Leaving the pictures aside, repeat each line below exactly.

**Dataset section:**
.....

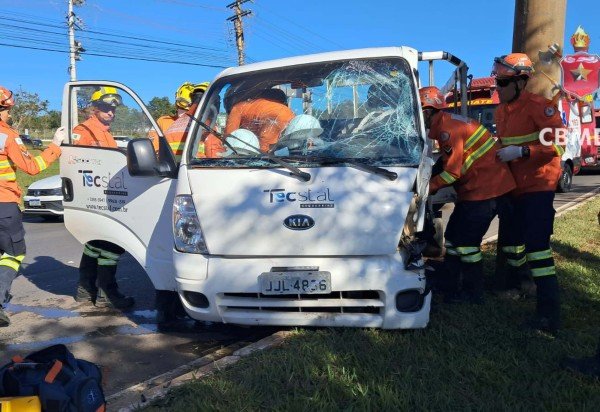 Após a remoção da vítima de dentro do caminhão, ela foi transportada para a unidade hospitalar indicada pela regulação médica. O homem se encontrava consciente e orientado. Apesar do choque, o poste não sofreu danos.
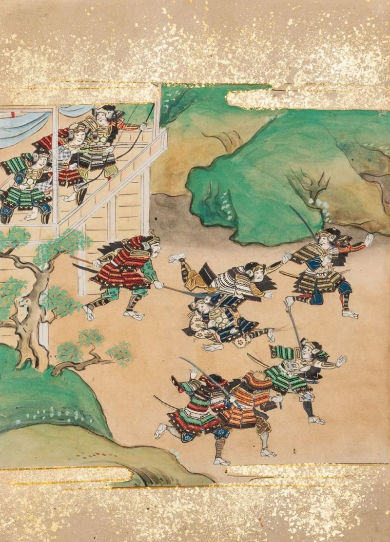 Affascinante insieme di tavole finemente eseguite a tempera ed oro, raffiguranti scene di battaglia con Samurai, scene di vita di corte con governatori di provincia. Senza Titolo, 1868
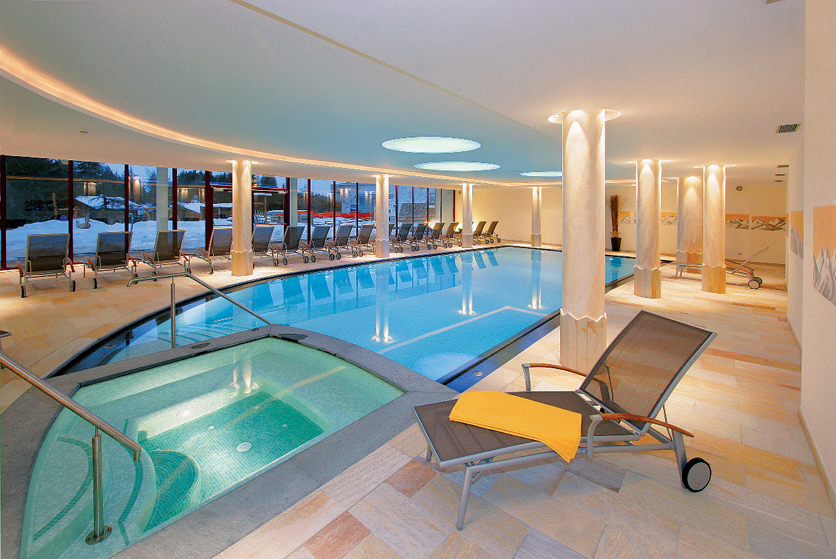 Acquapura SPA o velikosti 1.300 m² - bazén 15 x 6 m s vířivkou až pro 8 osob, dětský bazének, finská sauna#, biosauna#, aromatická pára#, infrakabina#, hydromasážní sprcha, horizontální a vertikální solárium#*, relaxační koutek# s lehátky, masáže*, kosmetické služby*, kosmetické služby* pro děti, velká posilovna, stolní tenis, stolní fotbal; služby označené # mohou využívat jen osoby od 14 let; v rámci relaxačního centra jsou zdarma nabízeny též ručníky, osušky a voda

.....

**Solved exercise:**
 Após a remoção da vítima de dentro do caminhão, ela foi transportada para a unidade hospitalar indicada pela regulação médica. O homem se encontrava consciente e orientado. Apesar do choque, o poste não sofreu danos.
 Affascinante insieme di tavole finemente eseguite a tempera ed oro, raffiguranti scene di battaglia con Samurai, scene di vita di corte con governatori di provincia. Senza Titolo, 1868
 Acquapura SPA o velikosti 1.300 m² - bazén 15 x 6 m s vířivkou až pro 8 osob, dětský bazének, finská sauna#, biosauna#, aromatická pára#, infrakabina#, hydromasážní sprcha, horizontální a vertikální solárium#*, relaxační koutek# s lehátky, masáže*, kosmetické služby*, kosmetické služby* pro děti, velká posilovna, stolní tenis, stolní fotbal; služby označené # mohou využívat jen osoby od 14 let; v rámci relaxačního centra jsou zdarma nabízeny též ručníky, osušky a voda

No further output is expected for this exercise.